Video quality of User Generated Content (UGC) is extremely difficult to wrangle with due to their high diversity of contents and quality. They bring new challenges to how we traditionally measured and assessed video quality. Most videos uploaded to YouTube, and other video sharing platforms, are UGC. To facilitate and encourage research in UGC compression and quality assessment, in 2019 we released a large scale UGC dataset (YT-UGC) that contained representative UGC raw videos along with their ground truth Mean Opinion Score (MOS), Differential MOS (DMOS), and content labels. Parallely, we have been investigating a number of efforts analyzing and optimizing UGC video quality. Recently, we built a novel deep learning based framework to understand the importance of content, technical quality, and compression level on perceptual quality. In this talk, we will walk through our video analysis framework, our latest DNN-based video quality metric called YouVQ, and present some results.
In this talk, we will discuss the current state in terms of bitrate/quality and complexity of Two Orioles’ Eve video encoder for the VP9 & AV1 video codecs. VP9 provides meaningful quality improvements over H.264 with a mature ecosystem and good target platform support. AV1, on the other hand, provides far superior quality, but with an ecosystem that is still being actively constructed. For both codecs, Eve provides a wide range of speed presets to choose from in terms of bitrate/quality vs. computational complexity, the fastest of which at this moment approach x264 preset=medium / x265 preset=superfast in terms of complexity, but with a better bitrate vs. quality trade-off.

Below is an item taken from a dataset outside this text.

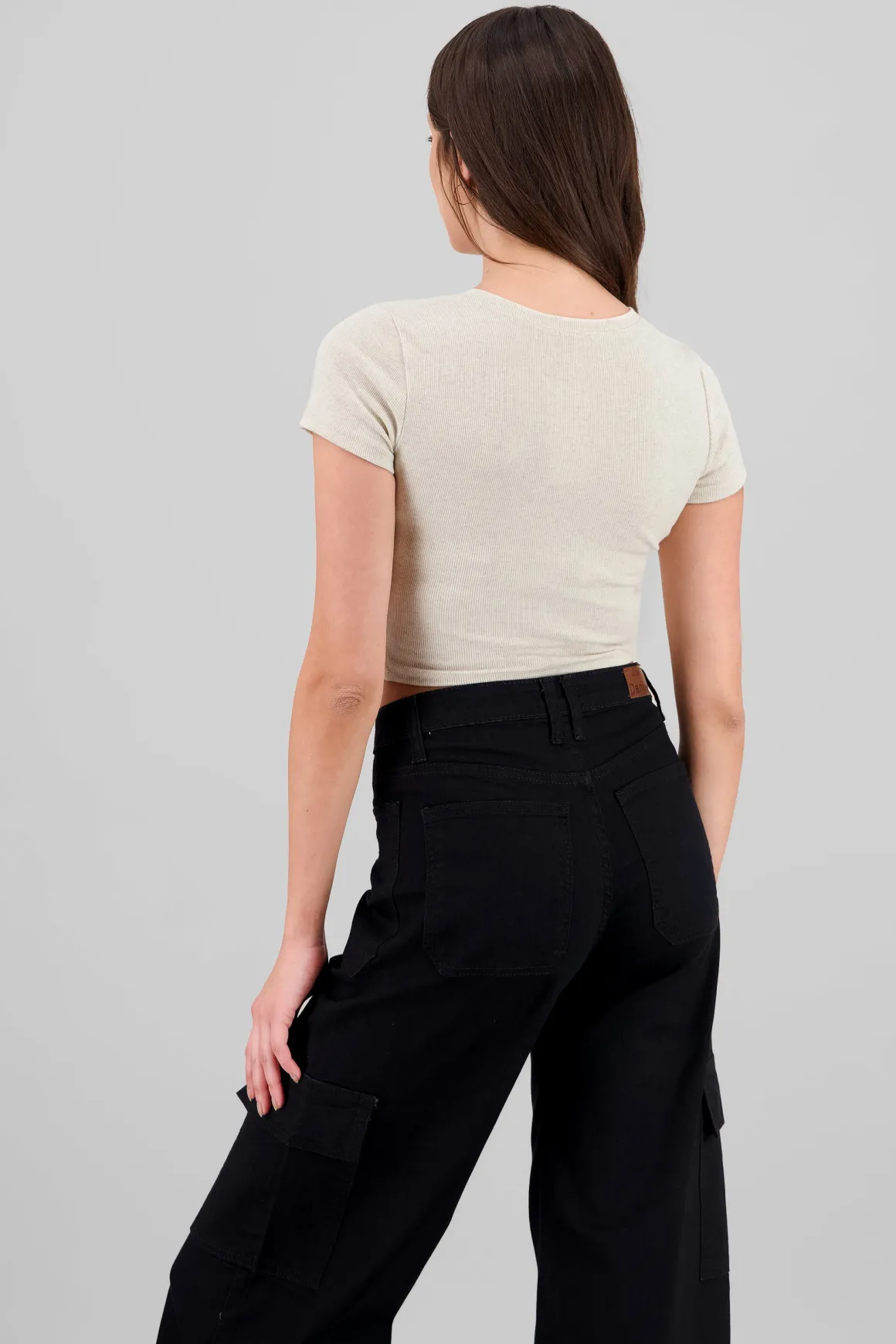 ¡Descubre el must-have de esta temporada que transformará tu guardarropa! Este top de manga corta es la elección perfecta para quienes buscan versatilidad y estilo en un solo diseño.

Such speed presets allow encoding of high-volume UGC without compression being a cost barrier, thus enabling broad deployment of modern video codecs at scale.
This presentation will highlight the latest improvements of the VOD-targeted high-latency Constant Rate Factor (CRF) and Variable Bit Rate (VBR) modes of the SVT-AV1 encoder. It will first present the latest SVT-AV1 cycles-quality tradeoffs when applied in CRF mode to shot-based convex-hull-optimized encoding for a wide range of VOD applications. It will then demonstrate the performance of VBR encoding of a bitrate-resolution ladder that had been developed as a result of an offline statistical analysis of the parameter values generated via convex-hull CRF-mode encoding of a large dataset. The presentation concludes by presenting a highly efficient solution for reducing the cycles-cost of the Dynamic Optimizer (DO) encoding framework by using the fastest-preset SVT-AV1 encoder to generate the convex-hull encoding parameter values, which are then used to produce the final bitstreams using the desired encoder.